-- SOURCE MATERIAL follows --

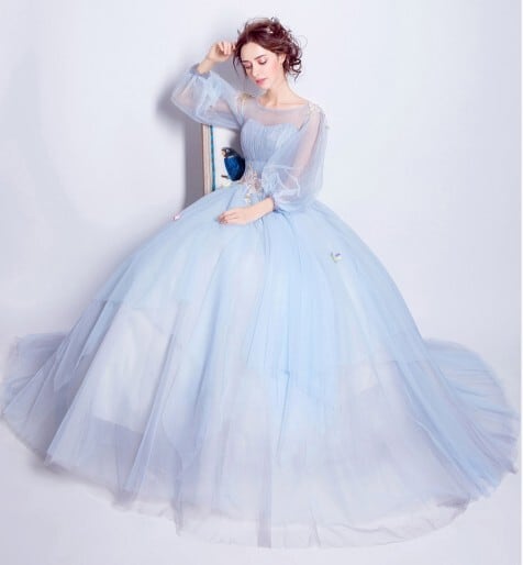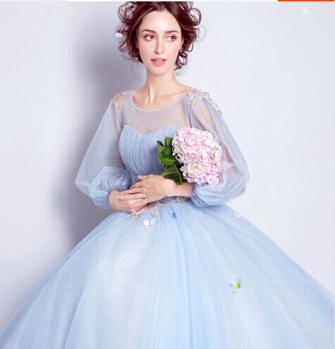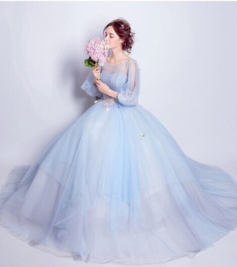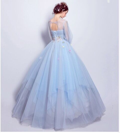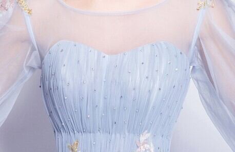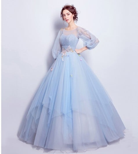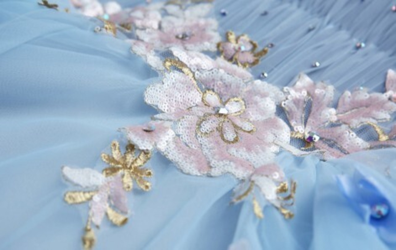 豪華!パーティードレス ロングドレス 青/ブルー パフスリーブ 花柄のモチーフ刺繍が美しく
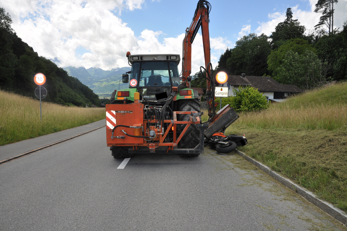 Am Dienstagnachmittag ereignete sich ein Unfall eines Motorradlenkers in Gamprin. Der 21-Jährige fuhr mit seinem Motorrad kurz nach 13.30 Uhr auf der Strasse Oberbühl talwärts. Aufgrund eines Arbeitskarren, welcher auf der Fahrbahn stand und mit Mäharbeiten im angrenzenden Wiesland beschäftigt war, erschrak der Motorradlenker und verlor die Beherrschung über sein Zweirad. Daraufhin kam er zu Fall und zog sich Verletzungen zu, an den beiden Fahrzeugen entstand Sachschaden.
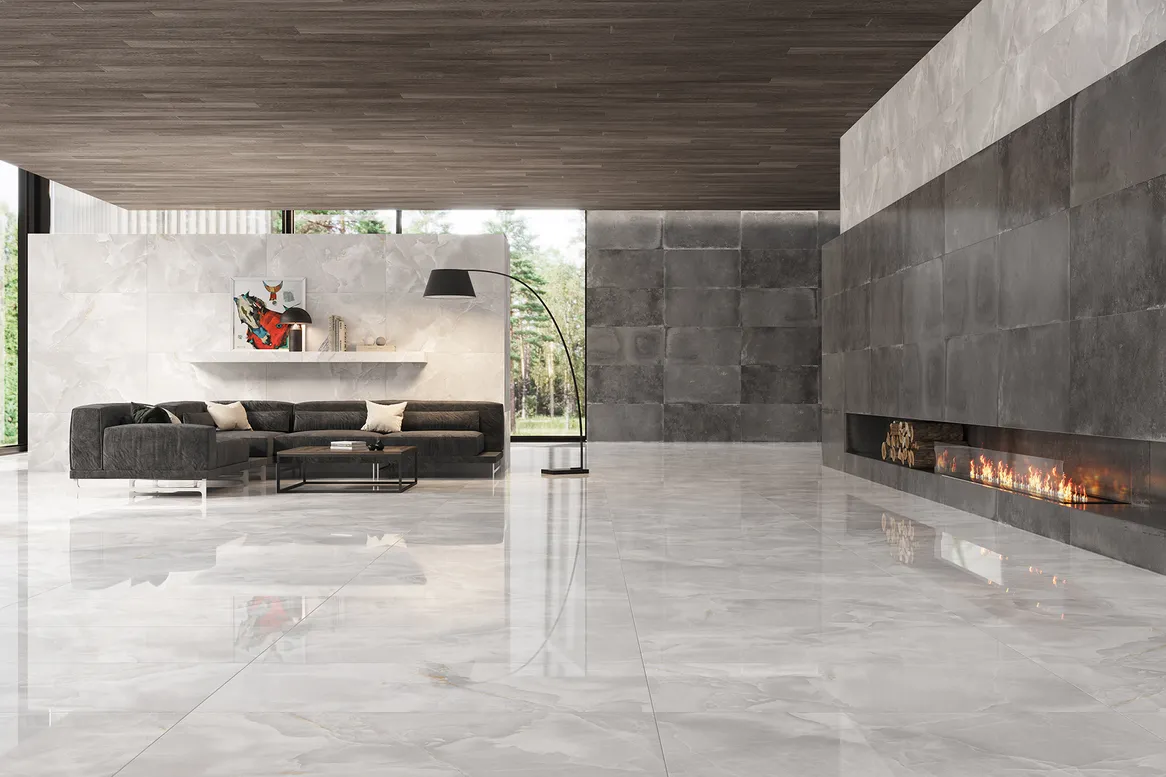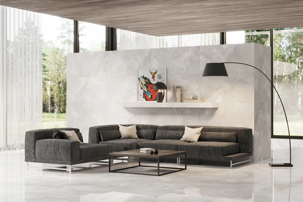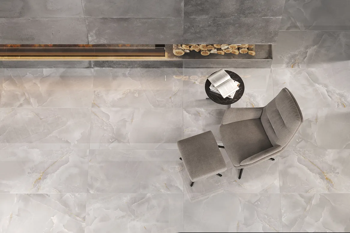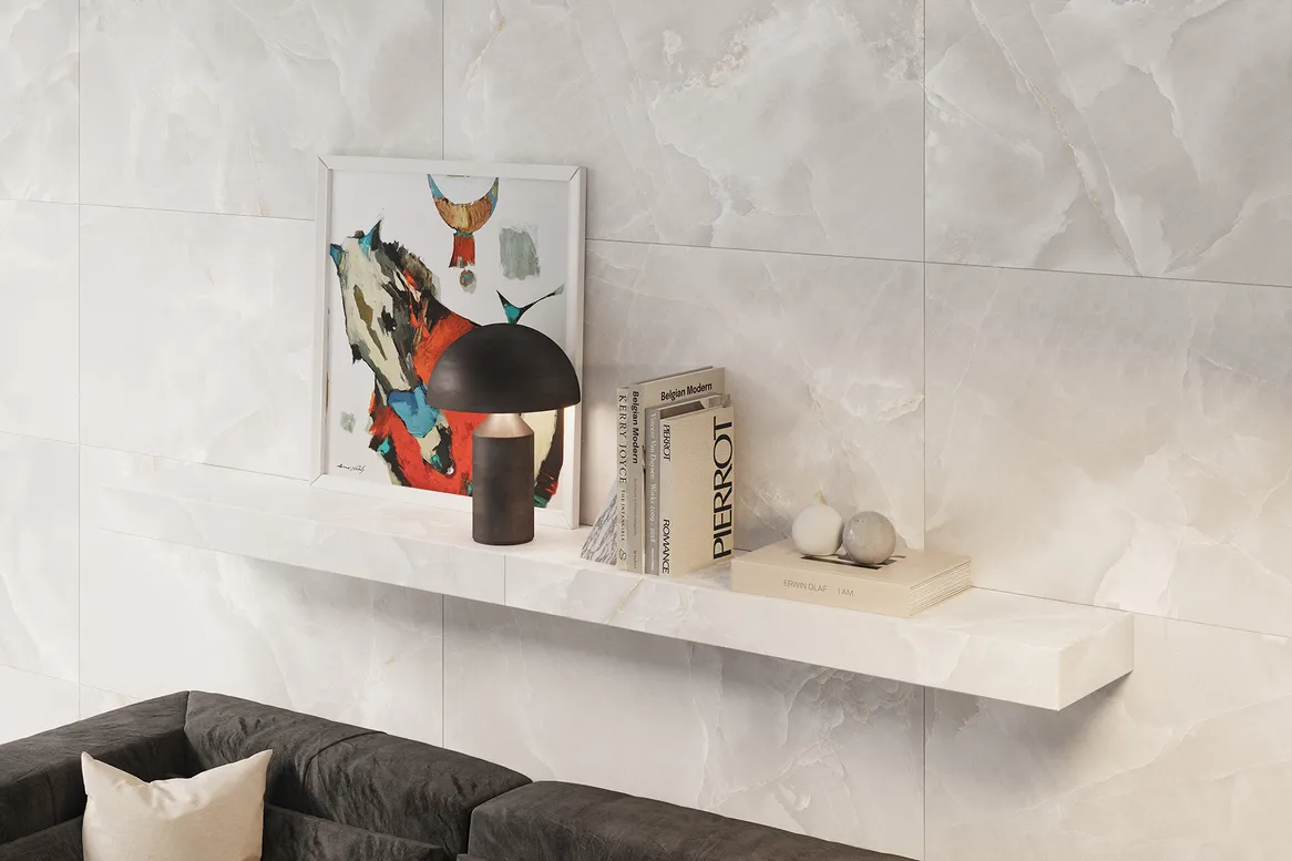 Spirit White - Представляет палитру нежных оттенков от кремово-белого до медово-желтого, воплощающую в себе изысканность натурального оникса. Его ненавязчивые прожилки золотистых оттенков прокладывают себе путь через жемчужный фон, создавая элегантную композицию, делая этот керамогранит эксклюзивным выбором для тех, кто ищет минималистский шарм и утонченную атмосферу.
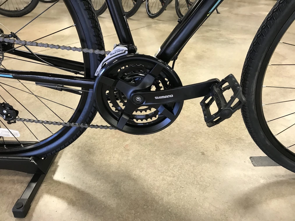 - Shimano 3×7-speed drivetrain
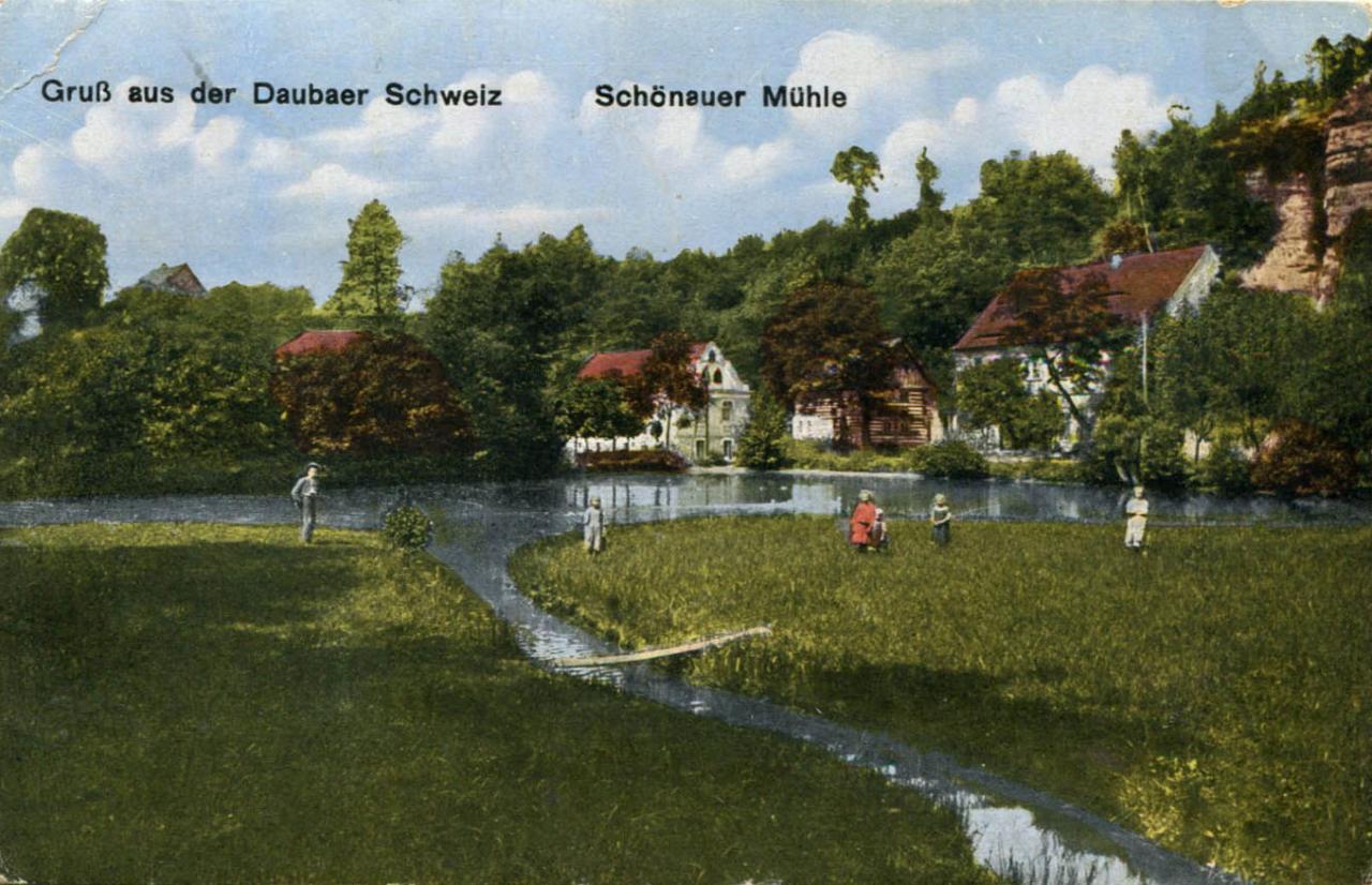 Osada, stoupající od Beškovského dolu pod Kamenný vrch, se v nejstarších záznamech jmenovala Chřenov (Chrzenow), či také Chřínov, a její osudy jsou spjaty s Nedamovem. Roku 1594 prodávali Hrzánové z Harasova housecké panství a v soupise je zaznamenán Chřenov s jedním člověkem osedlým (sedlák, který odváděl poplatky vrchnosti), chřenovský mlýn s pilou a rybník pod Chřenovem. Za 30leté války ves pravděpodobně zanikla, žádné zprávy o ní nejsou, a později byla obnovena pod názvem Schönau (však také zdejší mlýn nesl tento „přídomek“). V roce 1786 je zde zaznamenáno 17 domů a dalších sto let se počet víceméně udržel. Obyvatel bylo v průběhu 18. století okolo sta, ve 20. století počty obyvatel výrazně klesaly. V roce 1930 měl Křenov 15 domů, ve kterých žilo 61 obyvatel, všichni se hlásili k německé národnosti. Ke Křenovu patří i několik domů v Beškovském dole, dříve zvaném Kohlgraben.

-- SOURCE MATERIAL concluded --

WORK TO BE COMPLETED = Once you have returned the line containing "- Shimano 3×7-speed drivetrain", stop; begin at the first line of the material, keep each line exact, and skip the pictures.

SOLUTION TO THE EXERCISE =
 豪華!パーティードレス ロングドレス 青/ブルー パフスリーブ 花柄のモチーフ刺繍が美しく
 Am Dienstagnachmittag ereignete sich ein Unfall eines Motorradlenkers in Gamprin. Der 21-Jährige fuhr mit seinem Motorrad kurz nach 13.30 Uhr auf der Strasse Oberbühl talwärts. Aufgrund eines Arbeitskarren, welcher auf der Fahrbahn stand und mit Mäharbeiten im angrenzenden Wiesland beschäftigt war, erschrak der Motorradlenker und verlor die Beherrschung über sein Zweirad. Daraufhin kam er zu Fall und zog sich Verletzungen zu, an den beiden Fahrzeugen entstand Sachschaden.
 Spirit White - Представляет палитру нежных оттенков от кремово-белого до медово-желтого, воплощающую в себе изысканность натурального оникса. Его ненавязчивые прожилки золотистых оттенков прокладывают себе путь через жемчужный фон, создавая элегантную композицию, делая этот керамогранит эксклюзивным выбором для тех, кто ищет минималистский шарм и утонченную атмосферу.
 - Shimano 3×7-speed drivetrain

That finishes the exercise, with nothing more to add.